Free Software Foundation Fundraising: Mako’s appeal
Benjamin Mako Hill, who recently joined the FSF board put an appeal on line, as earlier did Peter Brown, FSF Executive Director.
Now is the time to join and give to Free Software Foundation. 2008 is going to be extraordinarily important year for free software.
Eben Moglen likes to quote Gandhi’s “first they ignore you, then they laugh at you, then they fight you, then you win” progression when describing the free software movement. As I pointed out when I joined the FSF board, we’re beginning to see powerful interests fighting free software. It’s going to increase in the next few years. Things will probably get a lot uglier for free software before they get better. We can win but things are far from settled. The FSF is the front-line organization in this fight and we need a robust and proactive foundation, and an active and involved membership, if we’re going to win.

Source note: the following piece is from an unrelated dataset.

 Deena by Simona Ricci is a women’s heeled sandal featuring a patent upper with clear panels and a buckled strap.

Here are the issues that I’m going to pushing the FSF to pursue in the next year.
Expanding activism outside our traditional technologist communities:
In part through the work of projects like Defective By Design, we’ve seen the tide turn for DRM on music in what what may be the FSF’s greatest success last year. I’m going to push the FSF to continue the campaign to attack DRM for video, eBooks, and the other places it is cropping up.

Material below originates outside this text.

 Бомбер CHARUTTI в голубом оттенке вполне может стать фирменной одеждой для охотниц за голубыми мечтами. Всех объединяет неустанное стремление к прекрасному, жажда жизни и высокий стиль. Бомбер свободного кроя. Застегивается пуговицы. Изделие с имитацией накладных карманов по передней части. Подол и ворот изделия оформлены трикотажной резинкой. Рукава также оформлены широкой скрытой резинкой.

The most remarkable thing to me about Defective By Design is that its participants and supporters are not, for the most part, people who develop or use GNU/Linux or even know what GNU is! If advocacy for software freedom involves a conversation we can only have with people who understand what POSIX is and how one uses it, we’ve already lost. Through DbD, BadVista, and other projects, the FSF has made major strides in the last year. It need to do much more and needs your support to do so.
Get proactive about software patents:
As a community, we’ve had our head in the sand about software patents for far too long. There are companies and patent trolls sitting on massive, growing piles of software patents. They are not our friends and they do not mean us well.
One cannot write non-trivial software today without running a serious risk of infringing patents. The software patents minefield we’ve found ourselves in is a very fundamental threat to the success of free software and we’ve already begun to see the first casualties and costs. We must eliminate software patents. Now.
The US is very important in this fight (much patent law is “exported” from the US) and almost no organization is working on software patent elimination there. Not enough people are thinking and acting strategically on this issue. The FSF is planning to make major steps in this fight in the coming year and we need your support to do so.
Web services and the changing face of software:
This last year, I worked to help launch the new version the AGPLv3. The license addresses the role of copyleft for software like web-services which, due to the legal particulars of the GPL, did not extend to the purveyors of web services. Of course, access to source code does not make the users of all web-services free (e.g., the GMails and the Facebooks).
Nobody seems to know what freedom for webserver entails. There might not even be good answers. In the next year, I’m going to push the FSF to help start several conversation and to begin to follow up on what I think was an important first step with the AGPLv3. While this is not a major organizational priority yet, it’s a major action item that I will be pursuing through the FSF. If you feel strongly about this issue, whatever your position, become a member, stay involved as these projects develop, and have your voice be heard. We don’t know the answers yet and we need your input as much as we need your action.
I am glad Mako  is willing to push AGPL, even if I doubt AGPL will really help to solve the GPL loophole. Loophole or not, I really wish to help FSF to raise funds, and I hope this post helps.